_EXERCISE INSTRUCTIONS_.
Give back the whole listing word for word and skip each picture.
───── PROVIDED MATERIAL
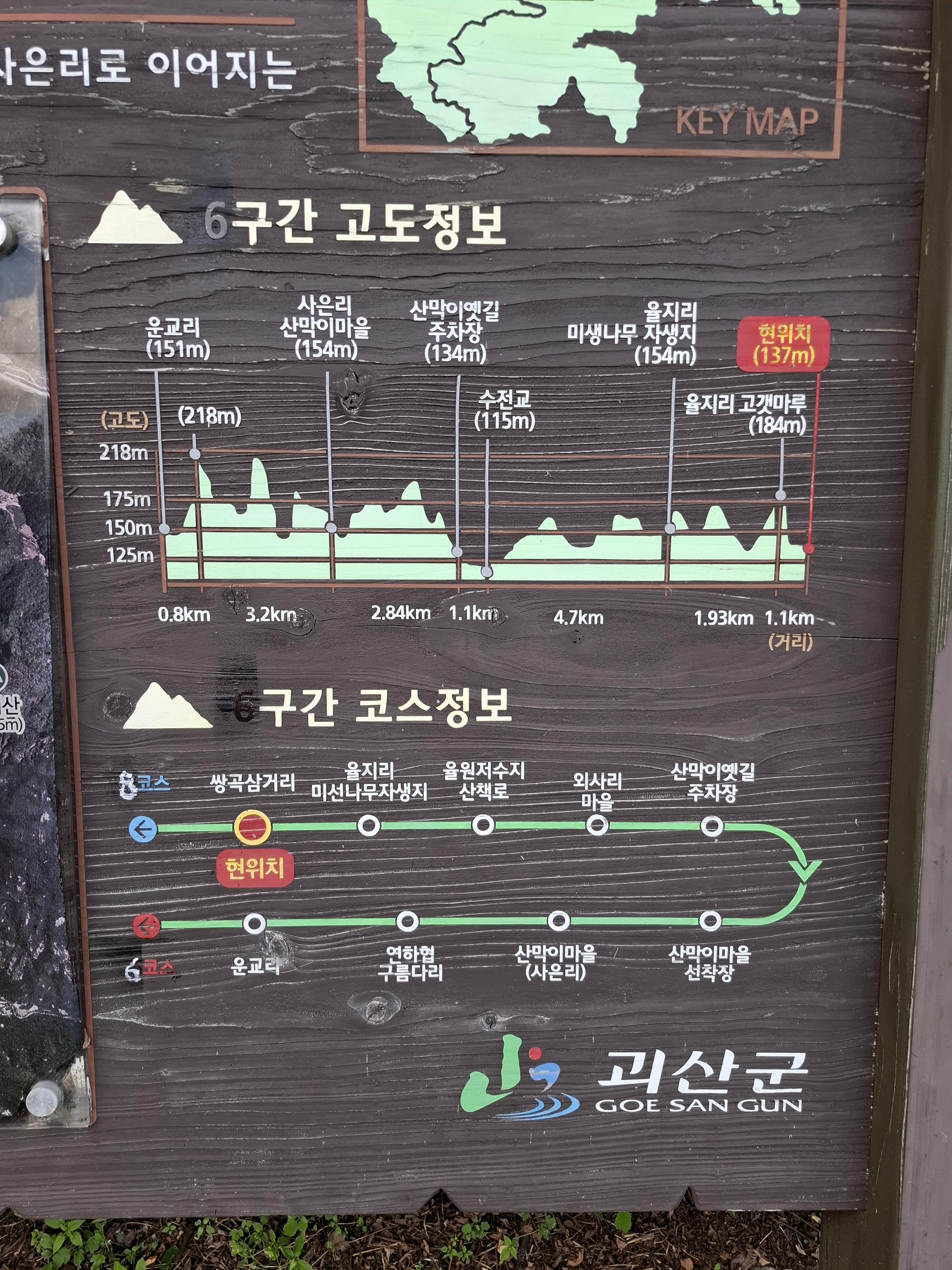 속리산 둘레길 7구간 쌍곡삼거리 이정표
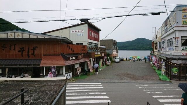 登山口からバス停までは歩いて3分でつきました。バス停近くは大沼の辺りでトイレがあったり、食事処やお土産屋が点在しています。
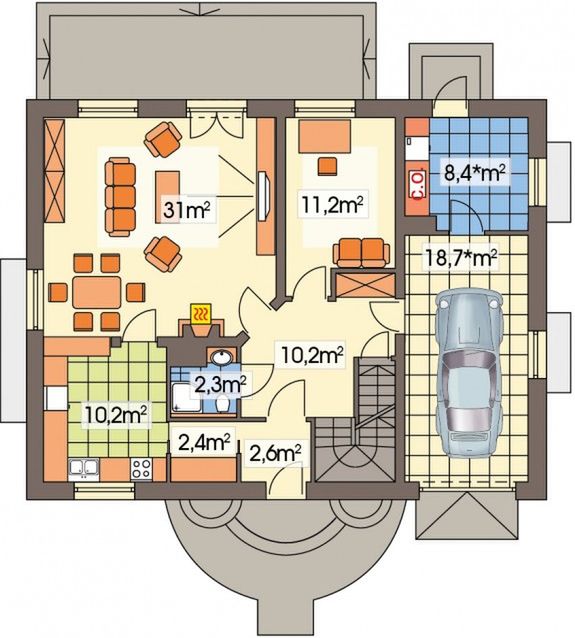 Graficzne opracowanie rzutów poglądowych widocznych na karcie projektu zostało wykonane przez Extradom.pl. Prezentowane przez Extradom.pl wizualizacje wykonane zostały przez autora projektu i należy poczytywać je jedynie za przykład i propozycję wykończenia, wizję architektoniczną autora projektu. Ostateczne wykończenie budynku może nastąpić na wiele sposobów. Szczegółowe rozwiązania zastosowane w oferowanej dokumentacji - w tym również ilość, lokalizacje i wygląd okien, drzwi, kominów - mogą w niewielkim stopniu różnić się od prezentowanej wizualizacji budynku.
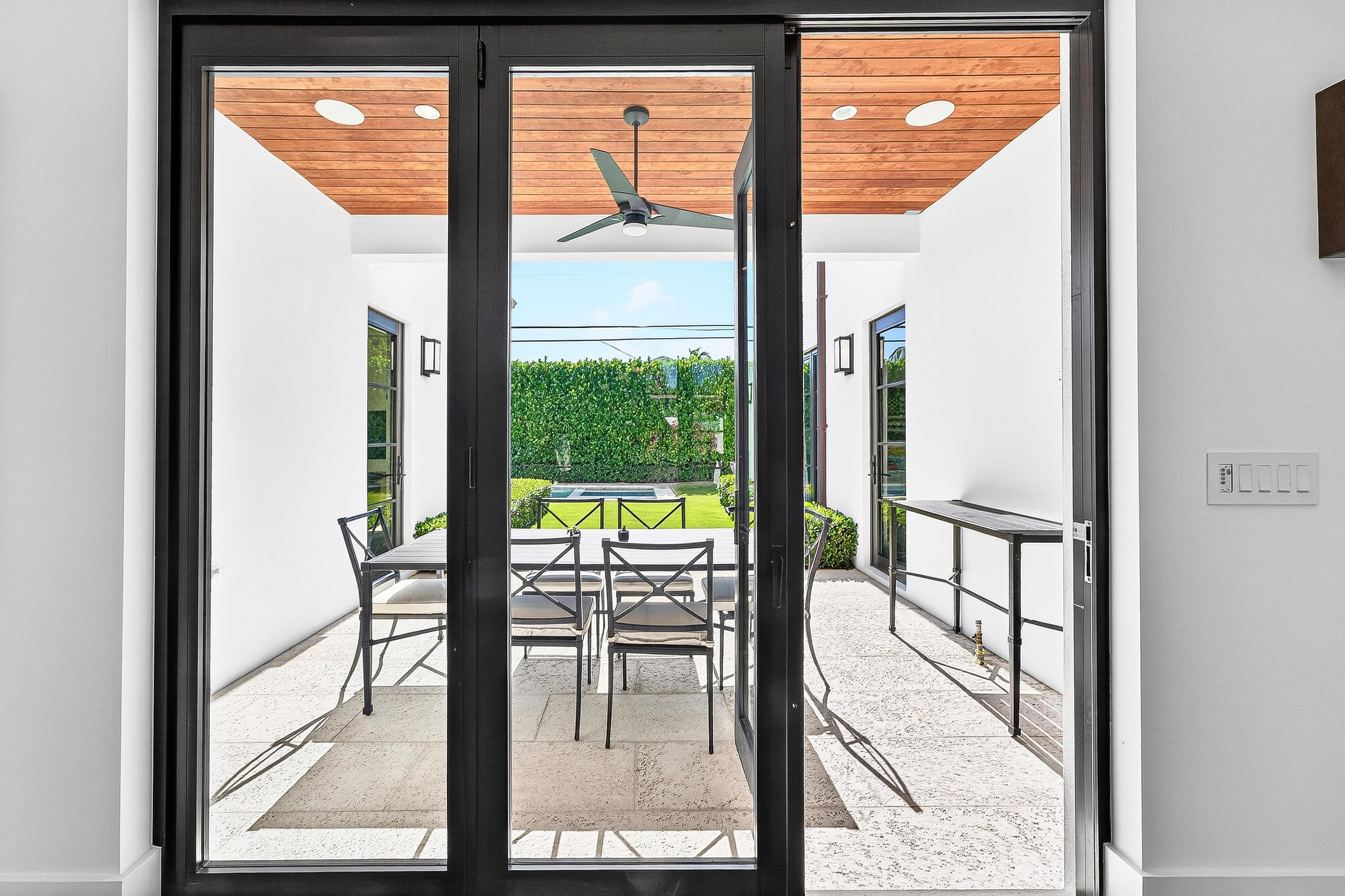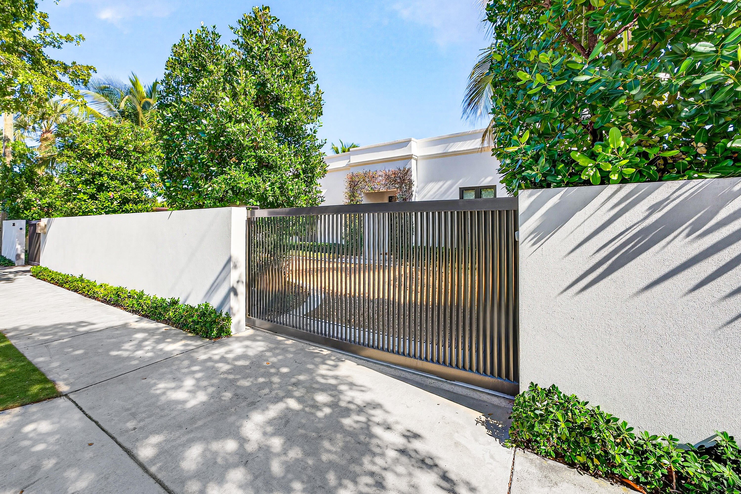 Fully custom, gated residence set along a tree-lined stretch of Olive Avenue, surrounded by mature olives and mahoganys. A truly one-of-a-kind layout centered around private courtyards creates seamless indoor-outdoor living with exceptional privacy.Features include 10-foot ceilings, expansive casement windows, European wide-plank oak floors, insulated interior walls for a remarkably quiet interior, and abundant natural light throughout. The kitchen is equipped with Sub-Zero and Wolf appliances, complemented by a whole-home water softener and purification system.The spacious yard offers a saltwater pool and spa, custom outdoor fireplace, and a private setting ideal for daily living and entertaining.Situated on an oversized 11,000+ square foot lot with a two-car garage. Renaissance modern architecture. Four bedrooms plus den. Minutes to Downtown West Palm Beach and Palm Beach International Airport. Walkable to restaurants, shops, and markets.
──────────
_TASK ANSWER_.
 속리산 둘레길 7구간 쌍곡삼거리 이정표
 登山口からバス停までは歩いて3分でつきました。バス停近くは大沼の辺りでトイレがあったり、食事処やお土産屋が点在しています。
 Graficzne opracowanie rzutów poglądowych widocznych na karcie projektu zostało wykonane przez Extradom.pl. Prezentowane przez Extradom.pl wizualizacje wykonane zostały przez autora projektu i należy poczytywać je jedynie za przykład i propozycję wykończenia, wizję architektoniczną autora projektu. Ostateczne wykończenie budynku może nastąpić na wiele sposobów. Szczegółowe rozwiązania zastosowane w oferowanej dokumentacji - w tym również ilość, lokalizacje i wygląd okien, drzwi, kominów - mogą w niewielkim stopniu różnić się od prezentowanej wizualizacji budynku.
 Fully custom, gated residence set along a tree-lined stretch of Olive Avenue, surrounded by mature olives and mahoganys. A truly one-of-a-kind layout centered around private courtyards creates seamless indoor-outdoor living with exceptional privacy.Features include 10-foot ceilings, expansive casement windows, European wide-plank oak floors, insulated interior walls for a remarkably quiet interior, and abundant natural light throughout. The kitchen is equipped with Sub-Zero and Wolf appliances, complemented by a whole-home water softener and purification system.The spacious yard offers a saltwater pool and spa, custom outdoor fireplace, and a private setting ideal for daily living and entertaining.Situated on an oversized 11,000+ square foot lot with a two-car garage. Renaissance modern architecture. Four bedrooms plus den. Minutes to Downtown West Palm Beach and Palm Beach International Airport. Walkable to restaurants, shops, and markets.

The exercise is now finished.